The high-profile trial of Proposition 8
ended Wednesday, but a ruling likely won't arrive until March.
Lawyers fighting for and against
Proposition 8, the gay marriage ban approved by California voters in
2008, jostled for the last time as the trial concluded its
two-and-a-half week run of contentious testimony in a San Francisco
Chief U.S. District Judge Vaughn R.
Walker cleared the courtroom without a ruling, saying he wanted to
review the evidence before listening to closing arguments, perhaps in
February. The decision to wrap up at a later date has likely pushed
back a ruling until March.
“I'd like to take some time to go
over all the material,” Walker told the army of lawyers arguing the
case before dismissing the courtroom.
Inside the courtroom, David Boies, a
lawyer for the plaintiffs, picked up where he left off Tuesday:
grilling defense witness David Blankenhorn.
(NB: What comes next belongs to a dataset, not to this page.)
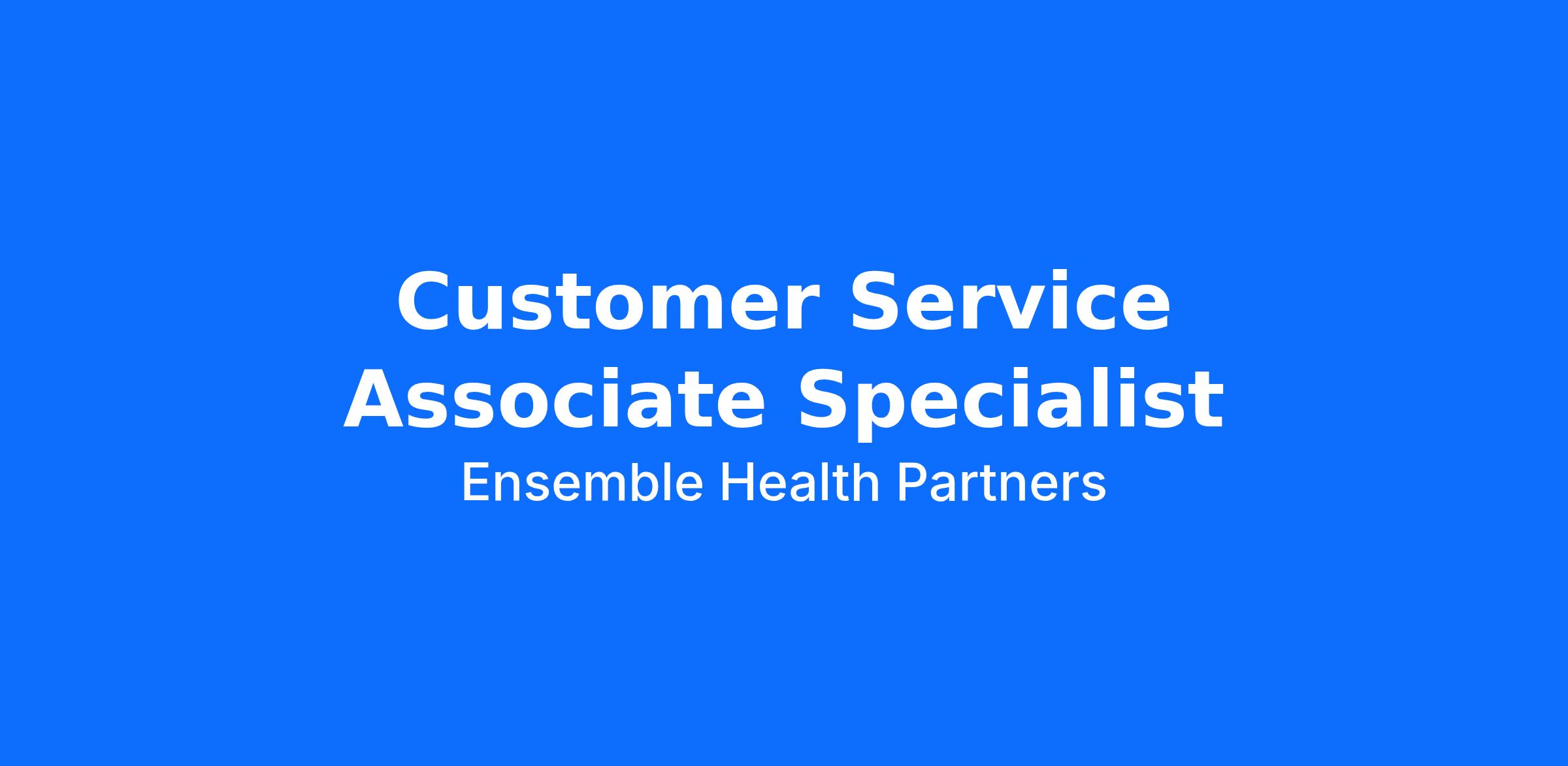 The Customer Service Associate Specialist performs all customer service and collection activities across the Revenue Cycle. Job duties include, but are not limited to:

In the cross-examining, Blankenhorn,
founder and president of the conservative think tank Institute for
American Values, became visibly exasperated at Boies' persistent
attack, accusing him of setting up “gotcha” moments.
Boies devastated the witness, whose
surprising testimony included the admission that legalizing gay
marriage would “improve the well-being of gay and lesbian
households and their children,” that homophobia is a “real
presence” in our society and that gay marriage in the United States
would make the country “more American.”
Lawyers in favor of gay marriage have
argued that proponents of Proposition 8 approved the measure out of
animus towards gay men and lesbians. The defense says limiting
marriage to heterosexual unions fosters a stable environment to raise
Blankenhorn's Tuesday testimony drove
home their argument: “Marriage is a socially approved sexual
relationship between a man and a woman. Marriage does a number of
things, but the most important thing it does is regulate affiliation.
It establishes who are the child's legal and social parents.”
Prevailing wisdom is that Walker will
rule in favor of Proposition 8 opponents, if only for the failure of
ban supporters to attract credible witnesses. Proposition 8 lawyers
called only 2 witnesses to testify in favor of the gay marriage ban,
while lawyers for the plaintiffs strung together weeks' worth of
testimony from 17 experts.
Opponents of gay marriage, however, are
likely to appeal Walker's ruling. The case is expected to reach the
Supreme Court, where a favorable ruling has the possibility of
striking down gay marriage bans in dozens of states simultaneously.
Gay marriage activists have warned that the high court remains too
conservative to rule in their favor and an unfriendly ruling would
set back the movement, possibly by decades.